CN111544719B - Method for estimating dynamic end-expiratory pressure in mechanical ventilation - Google Patents

Abstract

The application provides a method for estimating dynamic positive end-expiratory pressure in mechanical ventilation, and mainly relates to the field of dynamic positive end-expiratory pressure research in mechanical ventilation. The present application uses an exhalation curve as a study object, and estimates the intra-alveolar positive pressure (positive end expiratory pressure 1, peep 1) at the moment before the inflection point and the assumed intra-alveolar positive pressure (positive end expiratory pressure 2, peep 2) if there is no inhalation force at the time of the actual exhalation flow rate of 0, based on the difference of the area under the curve of the actual exhalation curve and the imaginary trace curve and the compliance of the respiratory system. The application has the beneficial effects that: the application can provide the reference of the setting parameters of the breathing machine for medical staff when the breathing machine is used by patients, thereby leading the patients to achieve the best breathing effect by using the breathing machine and further improving the survival probability of the patients.

Description

Method for estimating dynamic end-expiratory pressure in mechanical ventilation

Technical Field

The application mainly relates to the field of dynamic positive end expiratory pressure research in mechanical ventilation, in particular to a method for estimating dynamic positive end expiratory pressure in mechanical ventilation.

Background

As an effective means for artificially replacing the spontaneous ventilation function, a ventilator has been widely used in respiratory failure due to various reasons, anesthesia respiratory management during major surgery, respiratory support treatment and emergency resuscitation, and has taken a very important place in the field of modern medicine. The breathing machine is a vital medical device which can prevent and treat respiratory failure, reduce complications, save and prolong the life of patients.

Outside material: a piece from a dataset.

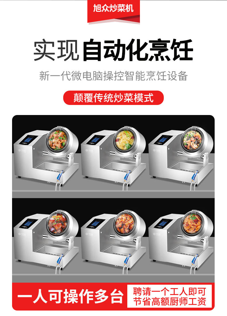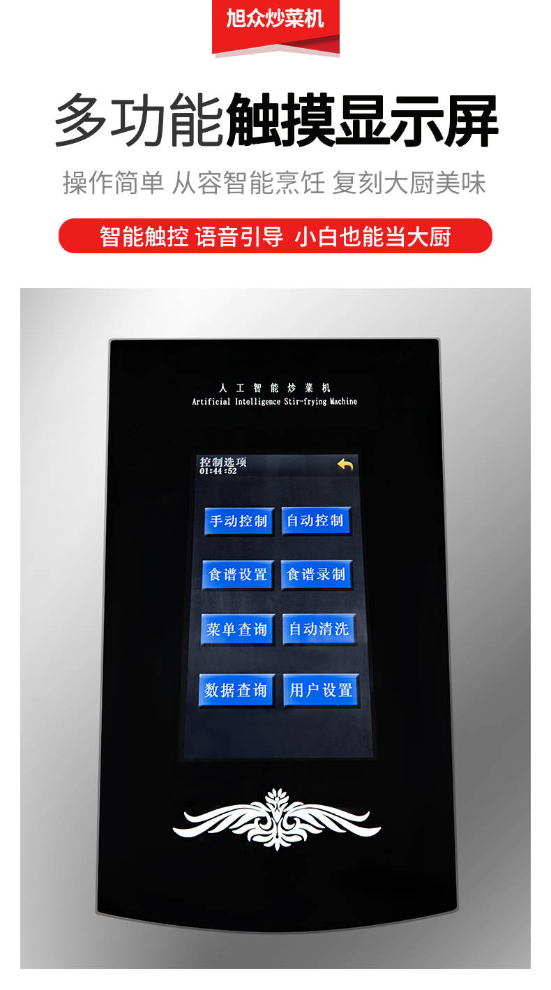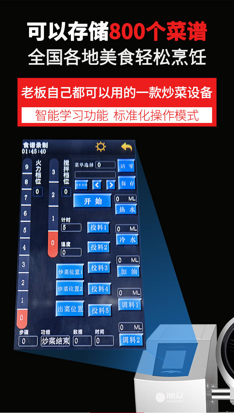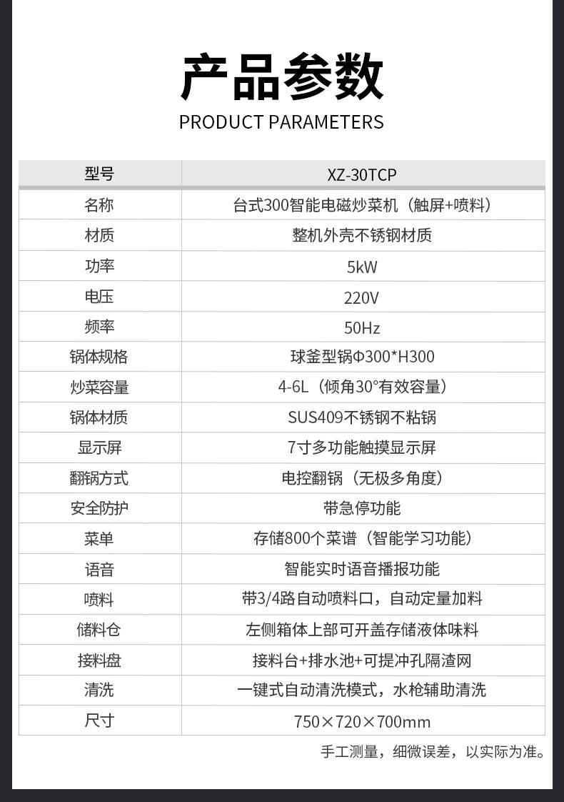 XZ-30TCP臺式300智能電磁炒菜機(觸屏+噴料),可以實現(xiàn)自動化烹飪過程的智能化設備,語音播報、自動噴料、旋轉翻炒、快速出菜。實現(xiàn)自動化烹飪,新一代微電腦操控智能烹飪設備、顛覆傳統(tǒng)炒菜模式。5000W猛火爆炒美食更鮮香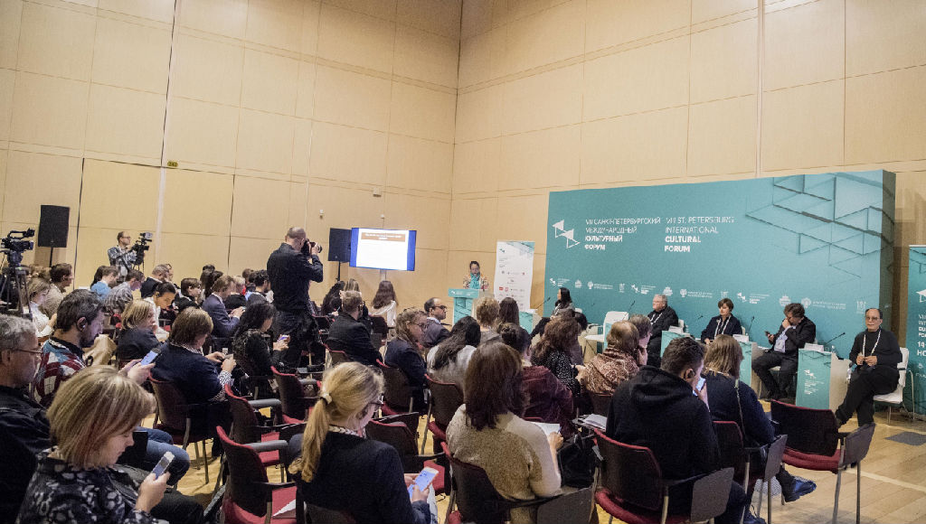 该国际文化论坛是圣彼得堡市乃至俄罗斯一年一度的文化盛事,为期三天,下设若干分论坛,会场从冬宫、圣彼得堡大学一直到俄罗斯民族学博物馆,参会人数多、议题广泛。萧梅教授等一行三人参加的是11月14日下午教育分论坛中的“21世纪的音乐家与音乐教育”议题研讨,萧梅以《研究机构在专业音乐院校人才培养中的角色和意义》为题进行了主旨发言,刘桂腾、徐欣参与会议讨论。在发言中,萧梅介绍了taptap点点体育仪式音乐中心、亚欧音乐研究中心和声音生态学研究团队的建设历程与学术活动,包括数据库建设、学术讲座、人才培养项目、田野考察、中英文学术出版物、影音出版物等各个方面,充分阐明了在专业音乐院校中,以学术研究、日常教学、人才培养为导向的研究机构对于院校教学和社会化音乐人才培养的重要作用。

In mechanical ventilation by using a ventilator, positive end-expiratory pressure is an index related to respiratory quality of a patient, but when the ventilator is clinically debugged, parameter setting can only be performed according to experience of a doctor or reaction of the patient, and no theoretical basis exists, so that the patient cannot be guaranteed to achieve the best ventilation effect under the assistance of the ventilator.

Disclosure of Invention

In order to solve the defects in the prior art, the application provides a method for estimating the dynamic positive end expiratory pressure in mechanical ventilation, which estimates the intra-alveolar positive pressure (positive end expiratory pressure 1, PEEPi) at the moment before inflection point according to the difference of the areas under the curves of an actual expiration curve and a fictive trace curve and the compliance of a respiratory system ₁ ) And the assumed intra-alveolar positive pressure (end-expiratory positive pressure 2, peepi) if there is no inspiratory effort at an actual expiratory flow of 0 ₂ ) Thereby providing a reference for the usage parameter settings of the ventilator.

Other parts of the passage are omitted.